Many of these items are general requirements/recommendations for any
production-ready Mesos framework, and many of them are already satisfied by
Myriad or are currently in work. I know I gave some vague recommendations
before, but now it's all concrete and documented. Dig in! :)

Cheers,
-Adam-


Re: Fine Grained Scaling and Hadoop-2.7.

2015-07-10 Thread Santosh Marella
 a) Give the executor at least a minimal 0.01cpu, 1MB RAM

Myriad does this already. The problem is not with respect to executor's
capacity.

 b) ... I don't think I understand your zero profile use case

Let's take an example. Let's say the low profile corresponds to
(2G,1CPU). When
Myriad wants to launch a NM with low profile, it waits for a mesos offer
that can
hold an executor + a java process for NM + a (2G,1CPU) capacity that NM
can advertise to RM for launching future YARN containers. With CGS,
when NM registers with RM, YARN scheduler believes the NM has (2G,1CPU)
and hence can allocate containers worth (2G,1CPU) when apps require
containers.

With FGS, YARN scheduler believes NM has (0G,0CPU). This is because, FGS
intercepts NM's registration with RM and sets NM's advertised capacity to
(0G,0CPU),
although NM has originally started with (2G,1CPU).  At this point, YARN
scheduler
cannot allocate containers to this NM. Subsequently, when mesos offers
resources
on the same slave node, FGS increases the capacity of the NM and notifies RM
that NM now has capacity available. For e.g. if (5G,4CPU) are offered to
Myriad,
then FGS notifies RM that the NM now has (5G,4CPU). RM can now allocate
containers worth (5G,4CPU) for this NM. If you now count the total
resources Myriad has consumed from the given slave node, we observe that
Myriad
never utilizes the (2G,1CPU) [low profile size] that was obtained at NM's
launch time.
The notion of a zero profile tries to eliminate this wastage by allowing
NM to
be launched with an advertisable capacity of (0G,0CPU) in the first place.

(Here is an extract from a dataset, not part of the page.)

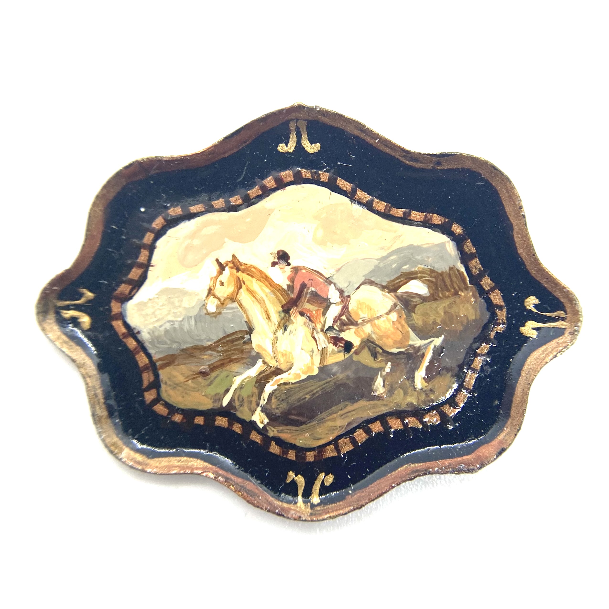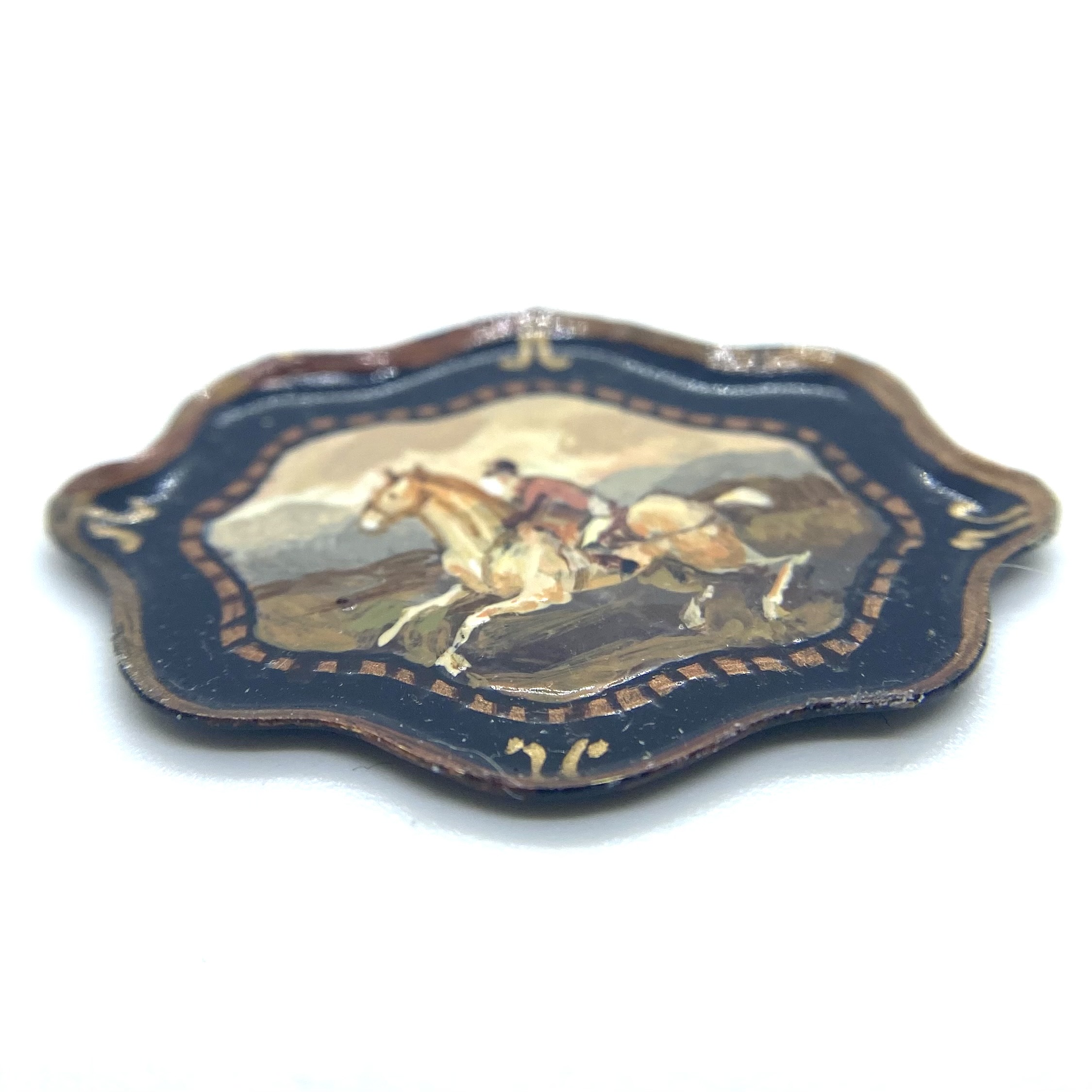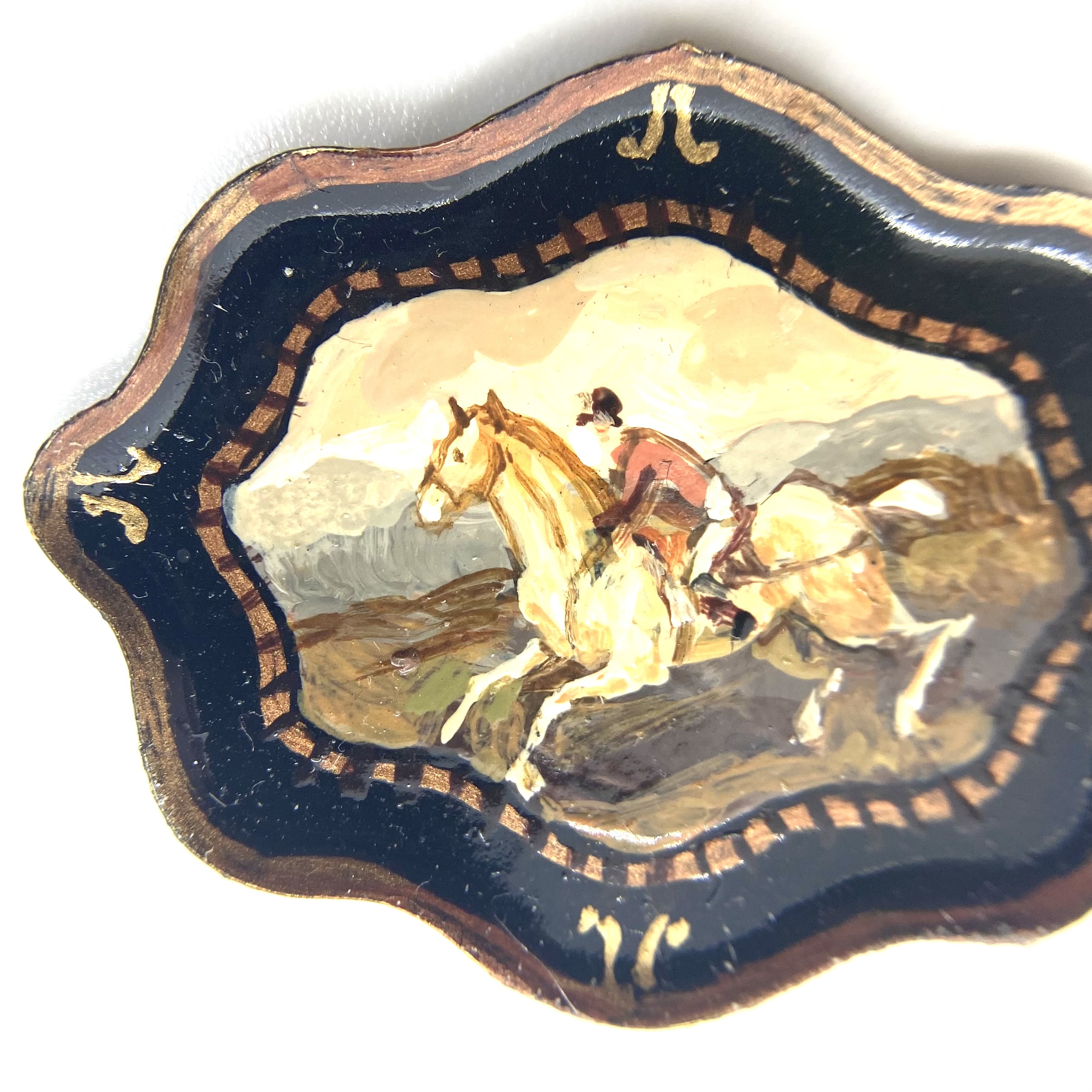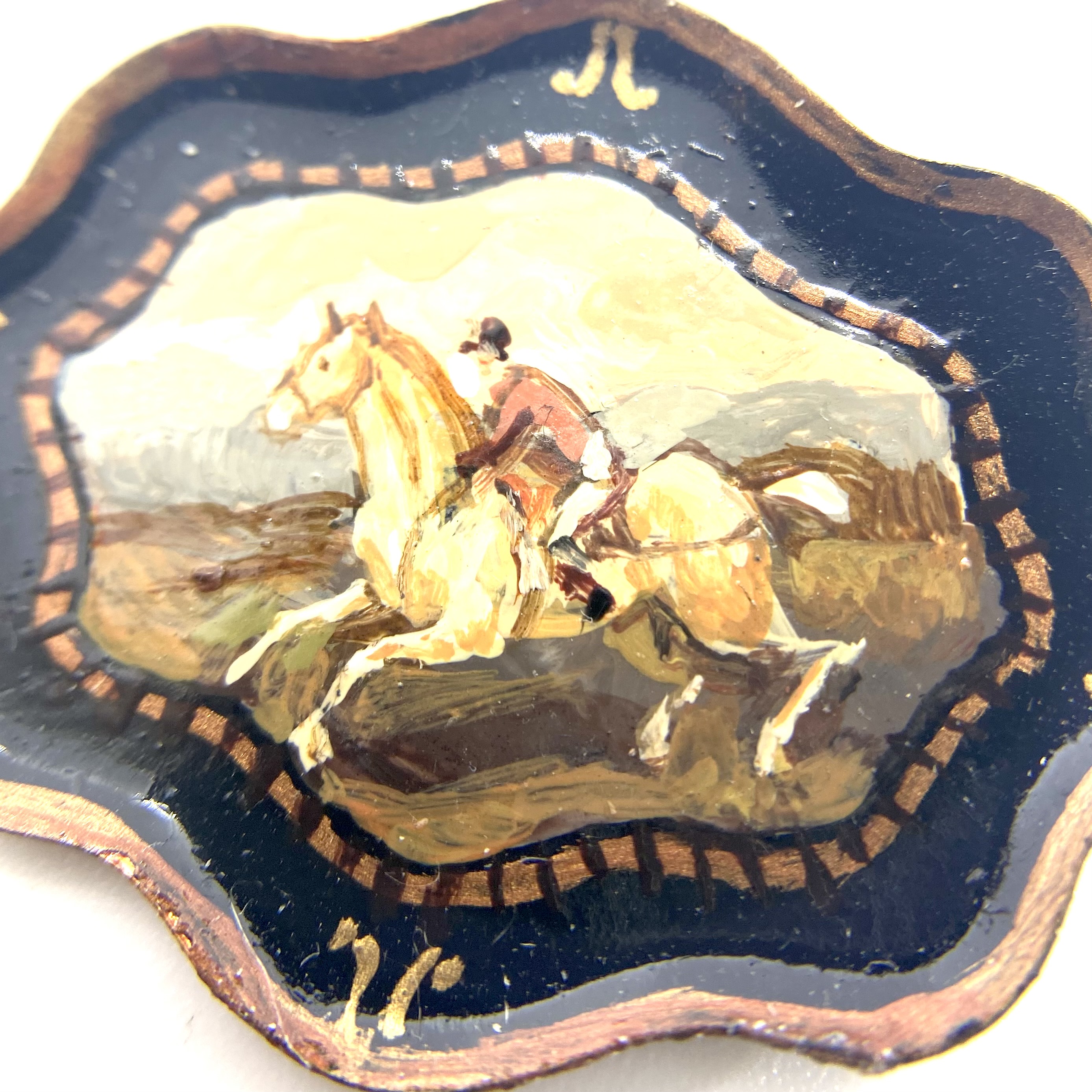 This is one of three painted trays with equine or hunting motifs, by Natasha, that we bought at Kensington in 2022. I was delighted with these, as I had decided to theme the Smoking Room around hunting, dogs and horses, and thought it would be marvellous to have some of Natasha’s related pieces. I couldn’t believe my eyes when I had the opportunity to buy three! Signed and dated ‘Natasha 2010’ on the reverse.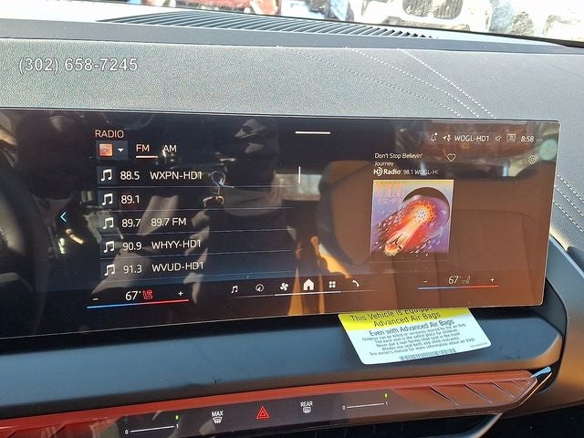 Premium Package (BMW Curved Display with HUD, Distance Control (ACC) with Steering Assistant, Driving Assistance Plus, Heated Steering Wheel, Interior Camera, Panoramic Moonroof, Parking Assistant Plus, Parking View with 3D View (Surround View), Premium Content 1, Remote Engine Start, and Travel and Comfort System), 8-Speed Automatic, 12 Speakers, 4-Wheel Disc Brakes, ABS brakes, Air Conditioning, Alloy wheels, AM/FM Radio, AM/FM radio: SiriusXM, Apple CarPlay and Android Auto Compatibility, Auto High-beam Headlights, Auto-dimming door mirrors, Auto-dimming Rear-View mirror, Automatic temperature control, BMW Assist ECall, BMW TeleServices, Brake assist, Bumpers: body-color, Delay-off headlights, Driver door bin, Driver vanity mirror, Dual front impact airbags, Dual front side impact airbags, Electronic Stability Control, Emergency communication system: BMW Assist eCall, Exterior Parking Camera Rear, Four wheel independent suspension, Front anti-roll bar, Front Bucket Seats, Front Center Armrest, Front reading lights, Front Ventilated Seats, Fully automatic headlights, Garage door transmitter, Genuine wood console insert, Harman/Kardon Surround Sound System, Heated door mirrors, Heated Front Seats, Heated front seats, Hi-Fi Sound System, Illuminated entry, Knee airbag, Low tire pressure warning, Lumbar Support, Memory seat, Navigation, Navigation system: BMW Maps Navigation, Occupant sensing airbag, Outside temperature display, Overhead airbag, Overhead console, Panic alarm, Passenger door bin, Passenger vanity mirror, Personal ESIM 5G, Power door mirrors, Power driver seat, Power Front Seats, Power Liftgate, Power moonroof: Panoramic, Power passenger seat, Power steering, Power windows, Radio data system, Rain sensing wipers, Rear anti-roll bar, Rear Climate Control Console, Rear reading lights, Rear seat center armrest, Rear window defroster, Rear window wiper, Remote keyless entry, Security system, SiriusXM with 360L and 1 Year Trial Subscription, Speed control, Speed-Sensitive Wipers, Split folding rear seat, Spoiler, Sport Seats, Sport steering wheel, Steering wheel mounted audio controls, Tachometer, Telescoping steering wheel, Tilt steering wheel, Traction control, Trailer Hitch, Trip computer, Turn signal indicator mirrors, Variably intermittent wipers, Veganza Perforated and Quilted Upholstery, Wheels: 19 x 8.5 Aero Midnight Grey Bicolor, and Wireless Device Charging. 8-Speed Automatic. 27/33 City/Highway MPG

Why does FGS change NM's initial capacity from (2G,1CPU) to (0G,0CPU)?
That's the way it had been until now, but it need not be. FGS can choose to
not reset
NM's capacity to (0G,0CPU) and instead allow NM to grow beyond initial
capacity of
(2G,1CPU) and shrink back to (2G,1CPU). I tried this approach recently, but
there
are other problems if we do that (mentioned under option#1 in my first
email) that
seemed more complex than going with a zero profile.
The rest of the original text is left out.